Placing the Bybee Holographic AC Adapters at the amplifiers was the logical place to start since Garner sent me only one pair. Everything was plugged into the newly released Bybee/Curl Holographic AC conditioner(which, by the way, also uses Crystal technology).

Okay, with all the Bybees already in the system, one might consider more to be overkill. I can understand this, in light of high costs and diminishing returns. This question has arisen before: just how much Bybee in one system is too much? I can report that I clearly haven’t reached the saturation point because the addition of the two Holographic Adapters took my system decidedly closer to my ideal.

Turn up the quiet

Serious evaluations didn’t begin until the 200-hour burn-in mark was reached. Overall, the soundstage became what you might call more “relaxed” with an increase in focus and image specificity. Bass quality and solidity improved, while the noise-floor seemed to drop even further. High frequencies had an authenticity and a three-dimensionality that appeared almost halo-like around the Sunny Majestic’s huge physical presence. These behemoths did a better disappearing act than Chris Angel!

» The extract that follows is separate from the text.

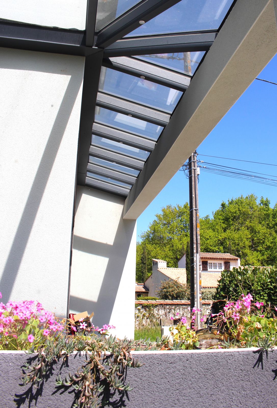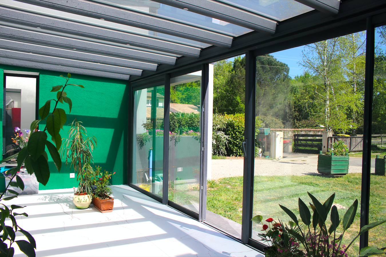 L'Atelier de la création, spécialiste en menuiseries extérieures en Gironde a réalisé la conception et pose d'une véranda, d'un sas d'entrée ainsi que d'une marquise à SAINT SULPICE ET CAMEYRAC (33).

Bybee devices in practice have proven their bona fides time and time again. The SES Bullets and Bybee/Curl AC conditioner are markedly superior to the older models. Of course, a potential purchaser hearing this sort of talk usually suspects advertising hoopla. So I asked Moreno Mitchell and Russell Lichter, respectively, to write on the Bybee/Curl AC conditioner (read it here) and Crystal AC cord because I thought I might come across as too biased in Jack Bybee’s favor. I felt sure that these products were so good that others—who ears I respect—would also find them extraordinary. Their reviews confirmed my experience.

After many months of listening to these Bybee products, I have come to the conclusion that essentially its all about removing unwanted noise. Simple. What’s not so simple is understanding how it’s done. That’s for all Bybee’s competitors to try and figure out. I could care less. What matters most to me is whether these products work as advertised and if so, then my only job is to help spread the word of my personal experiences through this review. 

With the Bybee Holographic AC Adapters in my system, I have come closer to what I call the perfect storm: a sonic presentation of such convincing authenticity, I unhesitating regard it as a reference against which I can compare any and all comers. There is a liquidity throughout the entire frequency range that is hypnotic. I have encountered few systems that rival the sheer realism I am now experiencing. What’s also interesting is how different it sounds from the ideal systems I’ve heard: not as liquid on the top or as revealing in its purity quotient, but it’s so big, weighty and (very natural) alive sounding.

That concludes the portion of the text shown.